The founders of a Vancouver-based group fighting for a safe supply of heroin, cocaine, and methamphetamine have launched a petition to the federal government.
Launched by the Drug User Liberation Front (DULF), the Change.org petition calls on the Canadian government to approve an exemption for a compassion club model to supply safer drugs to people who use drugs. The exemption is endorsed by Vancouver City Council, which unanimously approved the motion in September.
The petition is also launched on behalf of the Vancouver Area Network of Drug Users (VANDU), another Downtown Eastside-based group that advocates for a solution to the drug toxicity crisis.

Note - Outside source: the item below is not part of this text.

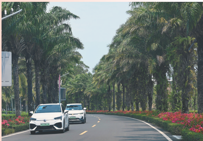
新能源车辆在博鳌东屿岛零碳示范区内。 资料图
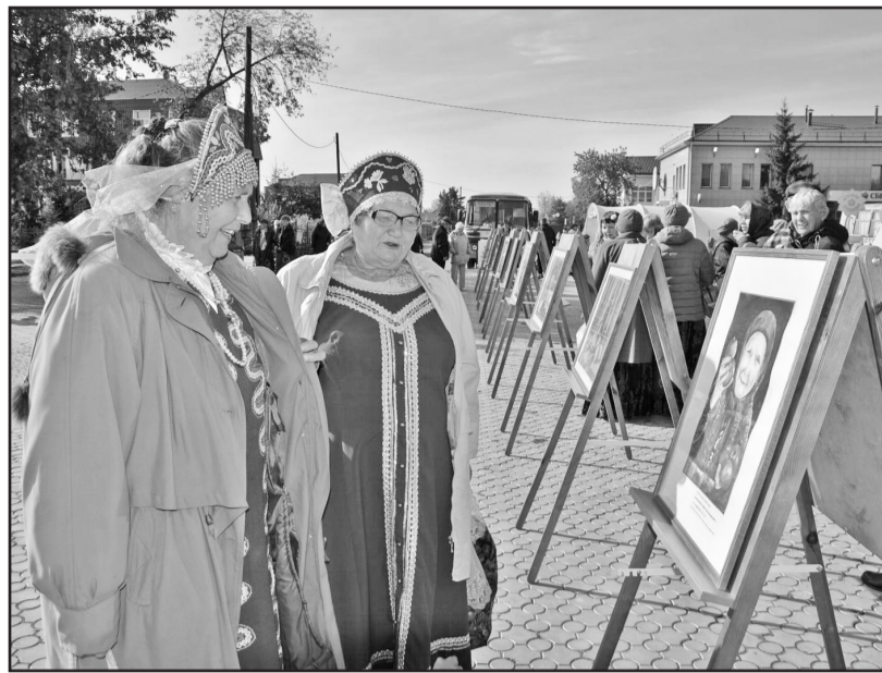
Выставка художественных работ воспитанников детской школы искусств особо восхитила гостей праздника

Уважать людей пожилого возраста меня, как и большинство других людей, учили с самого раннего детства, что я и стараюсь делать. Но, честно признаюсь, праздник этот не люблю. Знаю, что проводится он для того, чтобы привлечь внимание окружающих к проблемам людей преклонного возраста, что-

"The DULF Compassion Club is an innovative project that aims to reduce overdose-related deaths by introducing regulation into the illicit drug market and providing a consistent supply of substances that are [labelled] with the contents and potency," explains the petition.
DULF and VANDU have also submitted a Substance Use and Addictions Program (SUAP) application to procure funding for a compassion club pilot called the DULF Fulfillment Centre and Compassion Club Pilot.
To date, DULF says it has handed out over 100 grams of drugs that were tested via "FTIR spectrometry and immunoassay" to ensure they are free from "fentanyl, fentanyl analogues, benzodiazepines, and other harmful adulterants." According to the group's internal data, there have been zero overdoses, "fatal or otherwise," from people using its tested supply.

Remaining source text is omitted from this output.